Няня, то и дело обрываясь, вся в слезах, поведала все: как пришел Пушкин из Тригорского, как сидел у окна с каким-то письмом в руках, как вдруг прискакал какой-то не то солдат, не то офицер, как Пушкин сжег все свои бумаги, как вышел к солдату и как тот по царскому повелению сейчас же увез его с собой в Москву. Глаза округлились. На всех лицах был испуг. Анна, быстро одевшись, одна, вся в слезах, ушла в глубь пылающего осенними огнями и залитого росой сада…
XXXV. Старый масон
Среди бесконечных хвойных лесов, которыми легла на Сибирь страшная Владимирка, – может быть, самый страшный и самый скорбный из всех путей человеческих, – точно спряталось от мира большое имение Ивана Степановича Акимова, Дедново. Хозяин его, старый холостяк, жил настоящим затворником и почти не выходил из своей огромной библиотеки, проводя время за неторопливым, вдумчивым чтением или за письменными работами.
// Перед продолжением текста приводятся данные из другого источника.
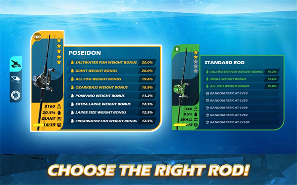 4、如果橙竿的强度较低,也可以通过提升鱼竿的星级来鱼竿的综合强度。欢乐钓鱼大师国际服说明

В настоящее время он писал, во-первых, историю своего шестисотлетнего рода, а, во-вторых, собирал материалы для обширной записки об уничтожении крепостного права, которую он собирался лично представить государю императору. Приезд его единственного брата, мечтателя и перекати-поле, который всю жизнь, благодаря бешеному, сумасбродному Павлу, прожил под именем полковника Федора Брянцева, на некоторое время всколыхнул было эту жизнь-созерцание, но очень скоро все опять вошло в свою колею и оба старичка, чистенькие, тихие, вежливые, утонув в креслах, целые дни проводили в библиотеке, изредка обмениваясь немногими фразами или знакомя один другого с удачной вычитанной мыслью…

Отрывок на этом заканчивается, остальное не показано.